Kenneth Turkel, an attorney for Palin, had no comment when contacted by CNN. Earlier Tuesday, Palin’s legal team filed a request for Rakoff to disqualify himself from the case, to be allowed to interview jurors from the trial and to ask for a new trial.
New York Times spokeswoman Danielle Rhoades Ha issued a statement Tuesday saying, “We remain confident that the judge and jury decided the case fairly and correctly.”
Katie Fallow, senior counsel at the Knight First Amendment Institute at Columbia University, said the court was correct to dismiss the case.
“The media will sometimes get things wrong, as the Times did here. But as the court and jury found, the Times made a mistake that it corrected within hours,” Fallow said in a statement to CNN. “Press freedom can’t survive without breathing space for these kinds of mistakes, as the Supreme Court recognized more than half a century ago. Holding the Times liable here would have significantly reduced that breathing space and chilled press freedom.”
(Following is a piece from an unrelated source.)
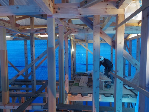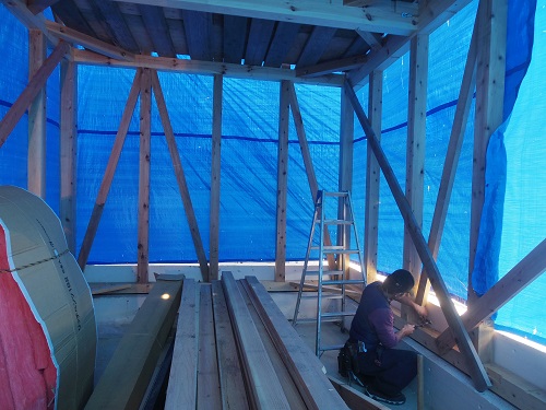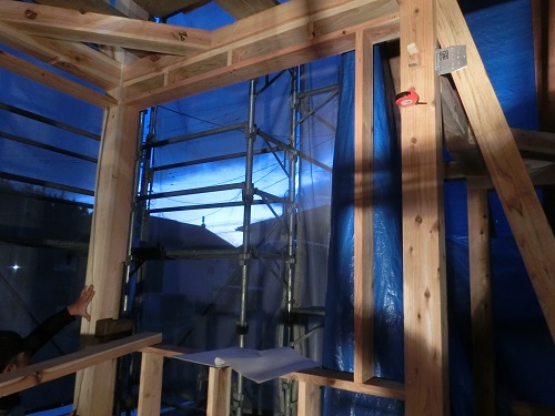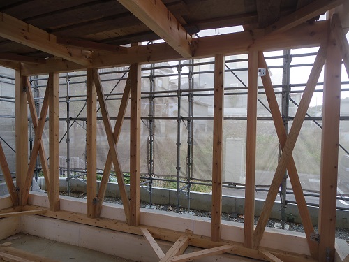上田堤の新築現場では、付加断熱を行うための窓下地組工事が進みました。

Palin sued the Times and its former editorial page editor James Bennet in 2017 after they published an editorial that erroneously linked a map that Palin’s political action committee had posted to the 2011 shooting that killed six and injured former Congresswoman Gabrielle Giffords.
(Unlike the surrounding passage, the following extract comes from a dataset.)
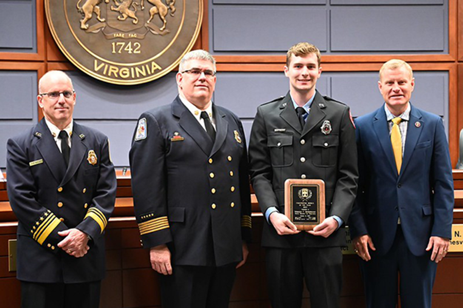 At the meeting, the Volunteer Fire Commission presented their 2024 Volunteer Fire and Rescue Service Awards. I want to recognize Sebastian Herbolsheimer with Vienna Volunteer Fire Department who received the Firefighter Rookie of the Year Award. Since joining the department in 2021, he’s shown exceptional commitment and diligence, exemplary performance and calm under pressure as he acts quickly to help those in need.

The editorial in question is called “America’s Lethal Politics” and was published on the day of the 2017 shooting at a baseball practice that injured Congressman Steve Scalise. It was meant to address heated political rhetoric ahead of the shooting, but it erroneously said that there was a “clear” link between a map that had crosshairs over congressional districts, including Giffords’, and the shooting that injured her. Bennet testified that he added language about there being a clear link and that once he realized his error, he worked to quickly issue a correction.
Rakoff said in his decision that “no reasonable jury” could find clear and convincing evidence that Bennet or the Times knew that the allegedly libelous statements were probably false and recklessly proceeded to publish them anyway.
Rakoff’s decision to dismiss the case while jurors deliberated would have set aside the jury’s verdict had it found the Times liable and entered Rakoff’s judgment as a matter of law. But the jury ultimately found the Times not liable, which Rakoff said “further validated” his argument that no reasonable jury would have found the newspaper liable.
Shortly after the verdict, Rakoff issued an order sharing that some jurors told his law clerk that they had seen reports through “push notifications” that the judge had dismissed the case.
Rakoff said he was initially not familiar with “push notifications” when an attorney mentioned them as a possible issue and didn’t fully appreciate the potential for jurors to be what he called “involuntarily informed” about his ruling while they were deliberating. After the verdict, Rakoff said in an order that multiple jurors said they’d gotten push notifications that he had dismissed Palin’s case, but that the information played “no role whatsoever” in their deliberations.
“But the jurors who saw the media coverage say they did as instructed: they turned away from the reports and set the information aside for the remainder of the deliberation,” Rakoff said.